作者
Jun Tang,Natasha E. Weiser,Guiping Wang,Sudhir Chowdhry,Ellis J. Curtis,Yanding Zhao,Ivy Tsz-Lo Wong,Georgi K. Marinov,Rui Li,Philip Hanoian,Edison Tse,Salvador Garcia Mojica,Ryan J. Hansen,Joshua Plum,Auzon Steffy,Snezana Milutinovic,S. Todd Meyer,Jens Luebeck,Yanbo Wang,Shu Zhang,Nicolas Altemose,Christina Curtis,William J. Greenleaf,Vineet Bafna,Stephen J. Benkovic,Anthony B. Pinkerton,Shailaja Kasibhatla,Christian A. Hassig,Paul S. Mischel,Howard Y. Chang
摘要
Abstract Extrachromosomal DNA (ecDNA) presents a major challenge for cancer patients. ecDNA renders tumours treatment resistant by facilitating massive oncogene transcription and rapid genome evolution, contributing to poor patient survival 1–7 . At present, there are no ecDNA-specific treatments. Here we show that enhancing transcription–replication conflict enables targeted elimination of ecDNA-containing cancers. Stepwise analyses of ecDNA transcription reveal pervasive RNA transcription and associated single-stranded DNA, leading to excessive transcription–replication conflicts and replication stress compared with chromosomal loci.

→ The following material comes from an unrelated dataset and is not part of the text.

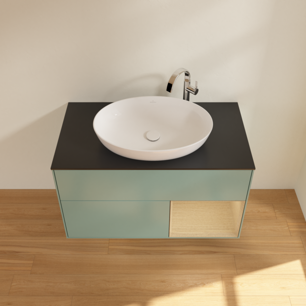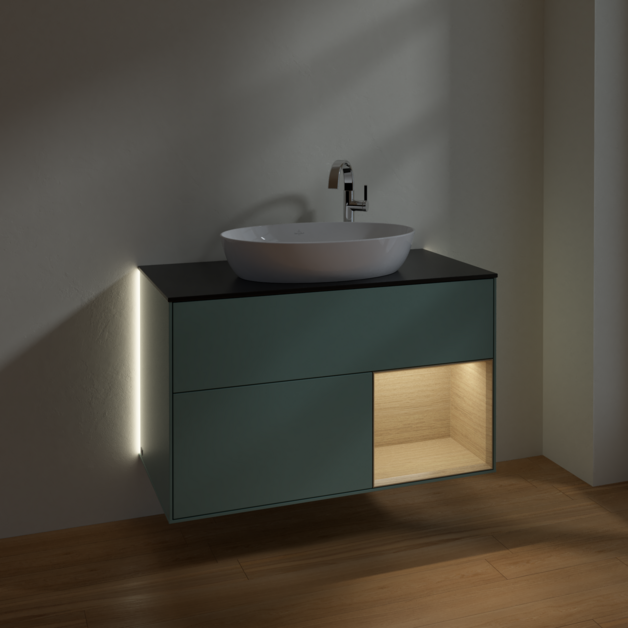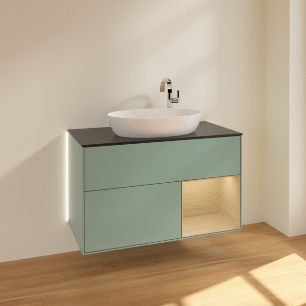 Тумба под раковину Villeroy & Boch Finion 100х50,1 см с подсветкой МДФ оливковый матовый лак/стекло черное матовое G902PCGM

Nucleotide incorporation on ecDNA is markedly slower, and replication stress is significantly higher in ecDNA-containing tumours regardless of cancer type or oncogene cargo. pRPA2-S33, a mediator of DNA damage repair that binds single-stranded DNA, shows elevated localization on ecDNA in a transcription-dependent manner, along with increased DNA double strand breaks, and activation of the S-phase checkpoint kinase, CHK1. Genetic or pharmacological CHK1 inhibition causes extensive and preferential tumour cell death in ecDNA-containing tumours. We advance a highly selective, potent and bioavailable oral CHK1 inhibitor, BBI-2779, that preferentially kills ecDNA-containing tumour cells. In a gastric cancer model containing FGFR2 amplified on ecDNA, BBI-2779 suppresses tumour growth and prevents ecDNA-mediated acquired resistance to the pan-FGFR inhibitor infigratinib, resulting in potent and sustained tumour regression in mice. Transcription–replication conflict emerges as a target for ecDNA-directed therapy, exploiting a synthetic lethality of excess to treat cancer.